Brunsoman v. Scarlett

Decision Date16 January 1991
Docket NumberNo. 900234,900234
Citation465 N.W.2d 162
PartiesWillard C. BRUNSOMAN, Jr., Plaintiff and Appellee, v. Robert K. SCARLETT, Defendant and Appellant. Civ.
CourtNorth Dakota Supreme Court

Kelsch, Kelsch, Ruff & Austin, Mandan, for plaintiff and appellee; Thomas F. Kelsch (argued).

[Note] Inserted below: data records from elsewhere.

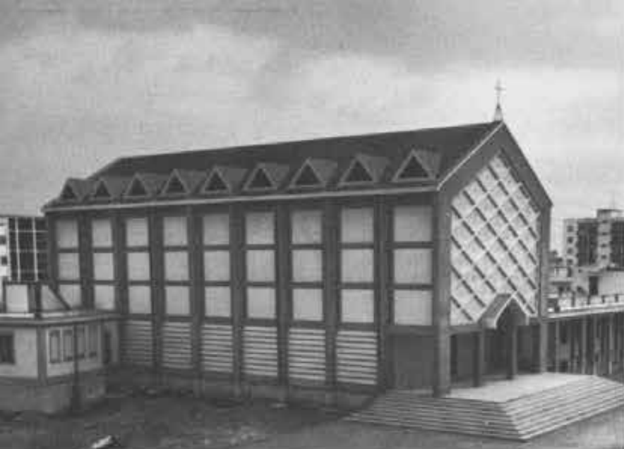
La nuova chiesa salesiana intitolata a Cristo Re, che sorge presso le opere giovanili, già parzialmente operante a Cerignola (Foggia)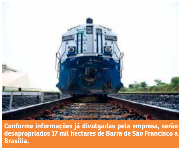
Conforme informações já divulgadas pela empresa, serão desapropriados 17 mil hectares de Barra de São Francisco a Brasília.

A expectativa é de que a empresa inicie em janeiro de 2025 as desapropriações. Mais três ferrovias da Petro-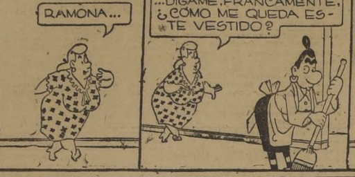
NO PUEDO, SEÑORA...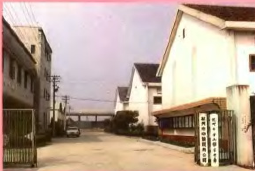
杭州市半山粮食仓库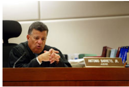
法官的专业是抵抗社会与政治压力的最佳防御工具。

国会议员可针对政府官员的行为与决策提出质疑，核准国家预算，确认法院与部会高级官员的任命。部分民主国家的国会设有委员会，提供立法者一个公开检视

Zuger, Kirmis, Bolinske & Smith, Bismarck, for defendant and appellant; Jerry W. Evenson (argued).

LEVINE, Justice.

Robert K. Scarlett appeals from a partial summary judgment declaring that Scarlett owed Willard C. Brunsoman, Jr., $203,291.40 on a contract for deed and ordering a jury trial to determine the fair value of the subject property for purposes of applying the provisions of the anti-deficiency judgment law. Following a jury trial, judgment was entered awarding Brunsoman a deficiency judgment of $56,825.56. The questions before us are whether procedural protections of the anti-deficiency judgment statutes may be waived by a mortgagor or vendee after default, and if so, whether they were waived. We agree with the trial court that waiver is permissible, but hold that there was not a valid waiver in this case. We therefore reverse.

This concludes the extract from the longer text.